Elaboration: Most people readily agree that most information is good most of the time. I want to see if I can go all the way and build a convincing argument that all information is good all of the time, or as close to it as I can get. That misuse of information is problem about the misuser and not the information ("guns don't kill people"). Specific cases include: endangered species (DNA is best stored in living organisms), viruses (all three kinds), forbidden books, child pornography and other shocking information, free speech, Archive.org, The Rosetta Project, research on race.
Please post arguments and counterarguments in their own comments and separately from general discussion comments.
First of all, I recommend clearing away the moral language (value, good, and must) unless you want certain perennial moral controversies to muddy the waters.
Example phrasings of the case you may be trying to make:
I suppose this is true.
If you've ever done a jigsaw puzzle, you can probably think of a counterexample to this.

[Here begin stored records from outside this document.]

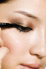 从上眼头画至上眼尾,线条略宽的呈现,描绘时越接近上睫毛根部越理想。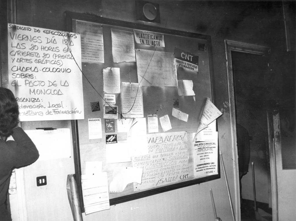En aquella época, junto con Cases, Torremocha, Sebas Puigcerver, nos dedicamos a visitar y buscar espacios para la CNT, yo ya había encontrado por mi cuenta el local de la calle Hospital 115 para el sindicato de la Construcción, y andábamos pintándolo a ratos libres con Luis Andrés Edo y un par de pintores que eran conocidos como “Madriles”, que alguno de ellos ya lo conocía de la infancia en el barrio chino, ya que vivía en la misma calle Cadena como yo.
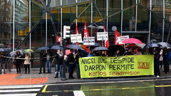 El sindicato LAB ha realizado en el día hoy una cadena humana delante del edificio de cristal de Sanidad en Bilbao para denunciar el despido de Carlos Díaz Zubia delegado de este sindicato en Ambulancias Bizkaia, exigir su readmisión y señalar al Departamento de Sanidad como parte colaboradora necesaria en las decisiones que se toman en sus subcontratas, amparando la persecución sindical.

You've never done a jigsaw puzzle using optimal Bayesian methods.
(Or he just believes you probably haven't!)
Here's a counterexample. There is an urn filled with lots of balls, each colored either red or blue. You think there's a 40% chance that the next ball you pull out will be red. You pull out a ball, and it's red; you put it back in and shake the urn. Now you think there's a 60% chance that the next ball you pull out will be red, and you announce this fact and bet on it. You pull out one more ball, and it's blue. If you hadn't seen that piece of evidence, your prediction would have been more accurate.